Exercise goal »
Leave the pictures out. Return all other data exactly.

*** Data records ***

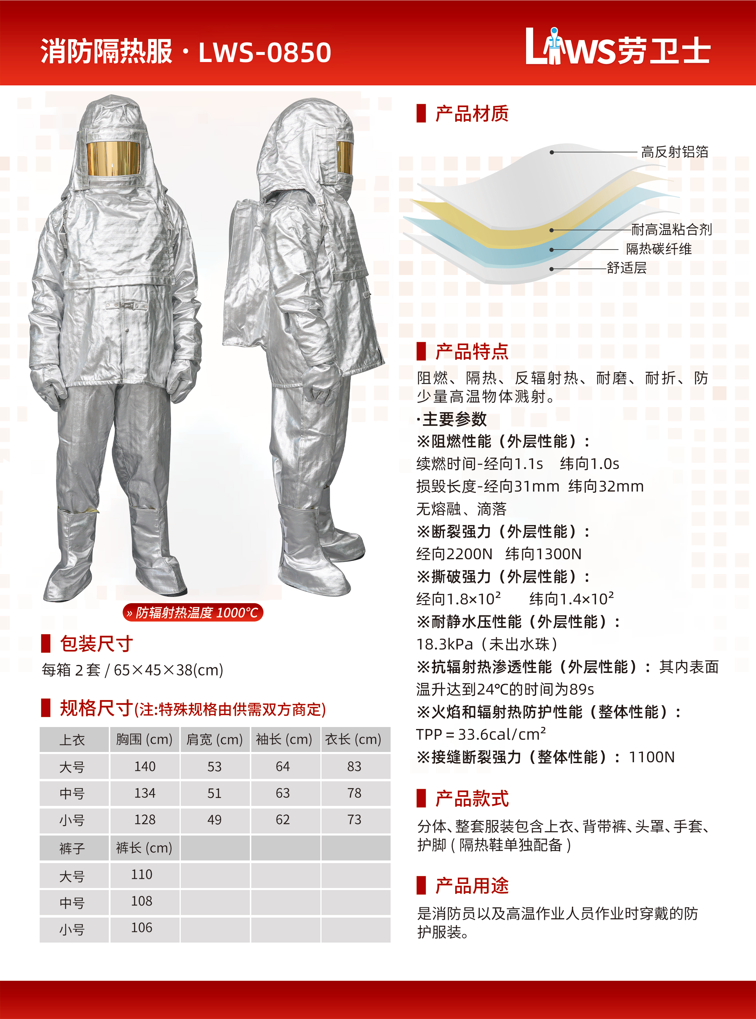 • 商品名称:劳卫士 LWS-0850 消防隔热服
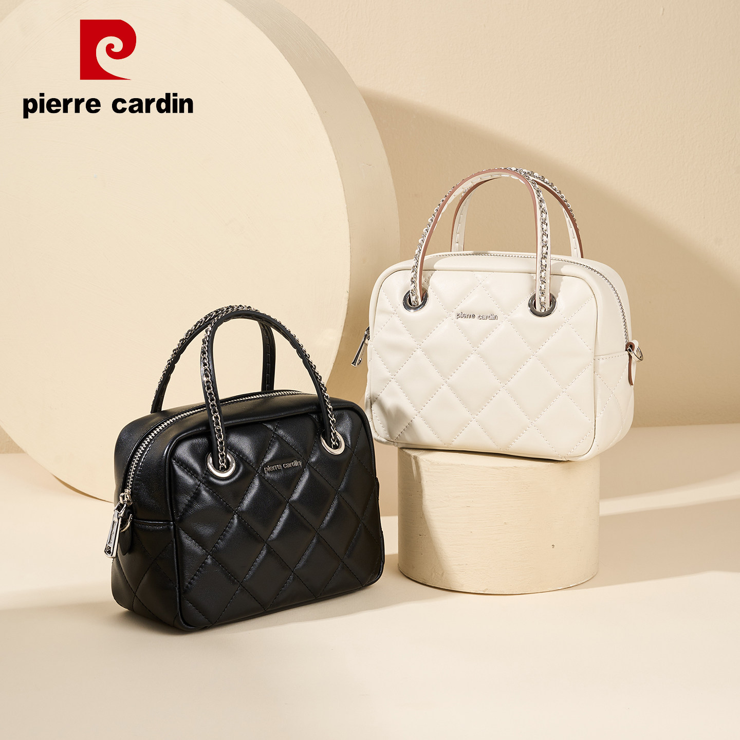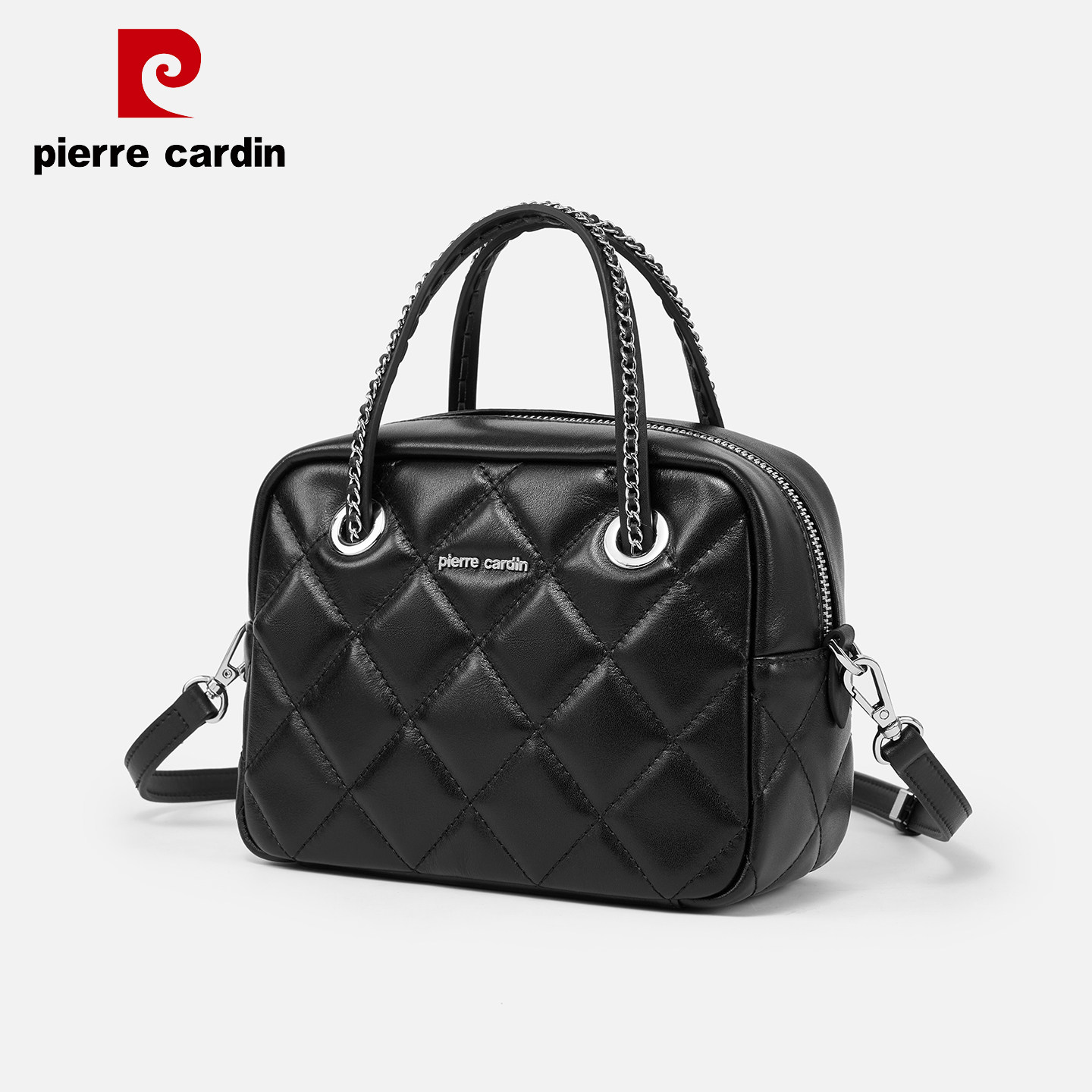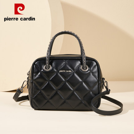 皮尔卡丹轻奢时尚菱格链条2025新款女头层单肩斜挎手提枕头小方包
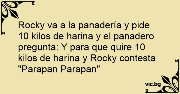 Rocky va a la panadería y pide 10 kilos de harina y el panadero pregunta: Y para que quire 10 kilos de harina y Rocky contesta "Parapan Parapan"
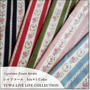 YUWA*有輪*綿シャツコール生地*Irisチロリアン風ボーダー小花プリントコーデュロイ *5色(706155)
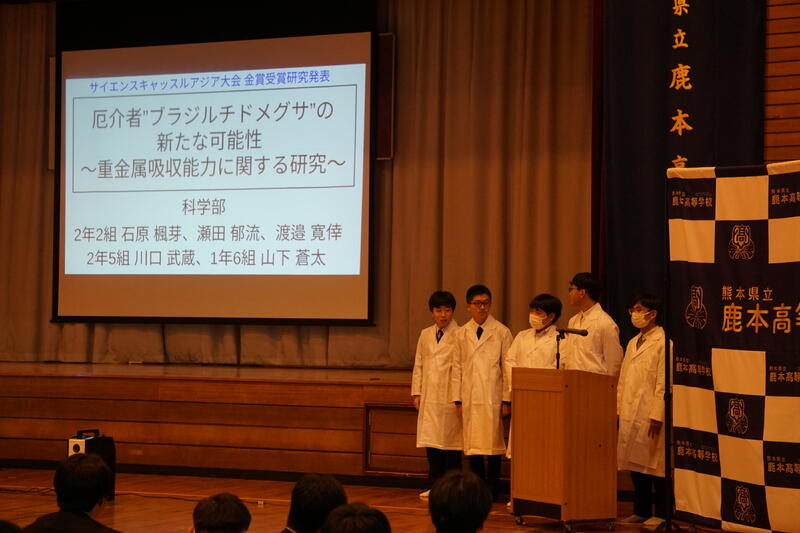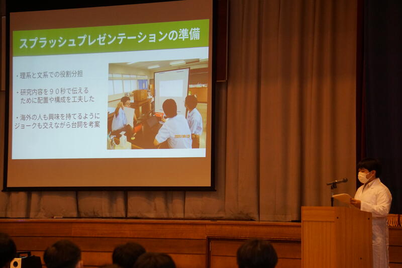 午後は、2年生の6分野の代表8名と、特別講演として「サイエンスキャッスルアジア大会」にて金賞を受賞した科学部4名による計7研究の発表会を行いました。

*** End of Data records ***

Response »
 • 商品名称:劳卫士 LWS-0850 消防隔热服
 皮尔卡丹轻奢时尚菱格链条2025新款女头层单肩斜挎手提枕头小方包
 Rocky va a la panadería y pide 10 kilos de harina y el panadero pregunta: Y para que quire 10 kilos de harina y Rocky contesta "Parapan Parapan"
 YUWA*有輪*綿シャツコール生地*Irisチロリアン風ボーダー小花プリントコーデュロイ *5色(706155)
 午後は、2年生の6分野の代表8名と、特別講演として「サイエンスキャッスルアジア大会」にて金賞を受賞した科学部4名による計7研究の発表会を行いました。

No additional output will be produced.